*COLLECTED MATERIAL*:
——————
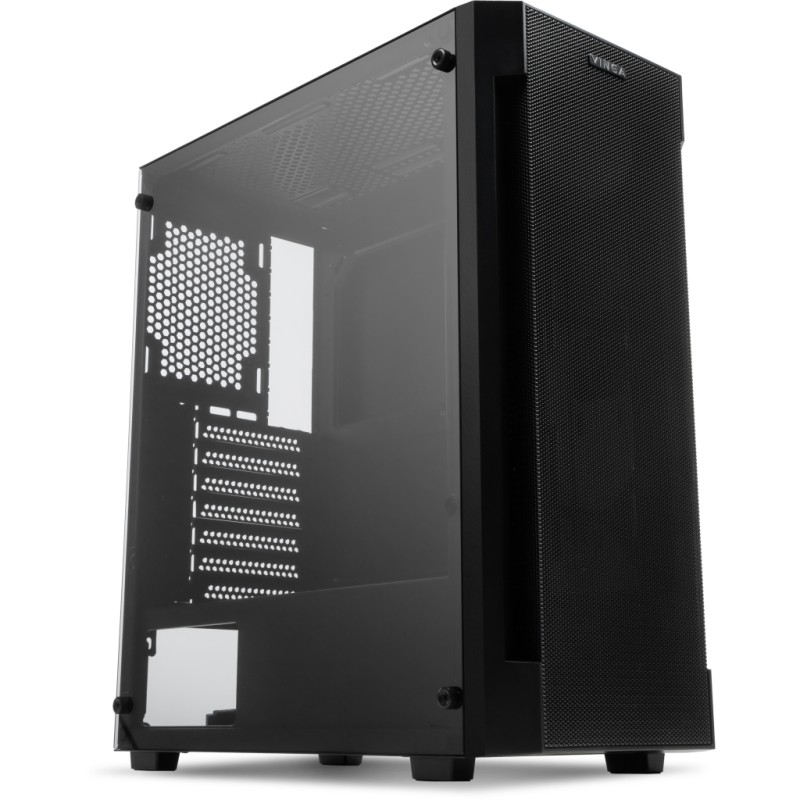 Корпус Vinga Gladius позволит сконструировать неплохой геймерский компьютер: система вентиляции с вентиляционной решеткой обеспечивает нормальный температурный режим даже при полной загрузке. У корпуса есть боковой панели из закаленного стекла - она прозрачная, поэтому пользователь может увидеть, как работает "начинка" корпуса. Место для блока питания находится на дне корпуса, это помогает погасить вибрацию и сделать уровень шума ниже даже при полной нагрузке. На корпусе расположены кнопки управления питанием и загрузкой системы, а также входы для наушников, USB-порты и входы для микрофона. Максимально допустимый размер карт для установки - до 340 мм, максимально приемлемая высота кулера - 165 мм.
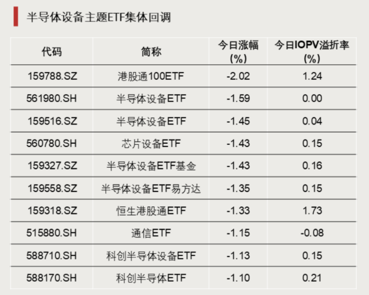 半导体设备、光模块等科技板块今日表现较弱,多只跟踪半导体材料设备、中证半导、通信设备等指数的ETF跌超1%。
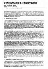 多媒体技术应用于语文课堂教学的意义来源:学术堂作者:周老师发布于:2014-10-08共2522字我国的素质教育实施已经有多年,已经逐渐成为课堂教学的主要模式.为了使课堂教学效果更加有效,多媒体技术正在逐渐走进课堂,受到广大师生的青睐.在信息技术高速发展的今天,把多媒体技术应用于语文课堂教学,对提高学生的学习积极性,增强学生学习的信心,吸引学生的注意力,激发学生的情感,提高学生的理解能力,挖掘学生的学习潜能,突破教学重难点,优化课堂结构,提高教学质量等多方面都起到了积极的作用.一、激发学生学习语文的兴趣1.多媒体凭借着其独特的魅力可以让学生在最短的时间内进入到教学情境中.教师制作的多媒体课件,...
——————
Please copy the data above word for word, but only from the line that contains "半导体设备、光模块等科技板块" through the final line, both included, and without the pictures.

 半导体设备、光模块等科技板块今日表现较弱,多只跟踪半导体材料设备、中证半导、通信设备等指数的ETF跌超1%。
 多媒体技术应用于语文课堂教学的意义来源:学术堂作者:周老师发布于:2014-10-08共2522字我国的素质教育实施已经有多年,已经逐渐成为课堂教学的主要模式.为了使课堂教学效果更加有效,多媒体技术正在逐渐走进课堂,受到广大师生的青睐.在信息技术高速发展的今天,把多媒体技术应用于语文课堂教学,对提高学生的学习积极性,增强学生学习的信心,吸引学生的注意力,激发学生的情感,提高学生的理解能力,挖掘学生的学习潜能,突破教学重难点,优化课堂结构,提高教学质量等多方面都起到了积极的作用.一、激发学生学习语文的兴趣1.多媒体凭借着其独特的魅力可以让学生在最短的时间内进入到教学情境中.教师制作的多媒体课件,...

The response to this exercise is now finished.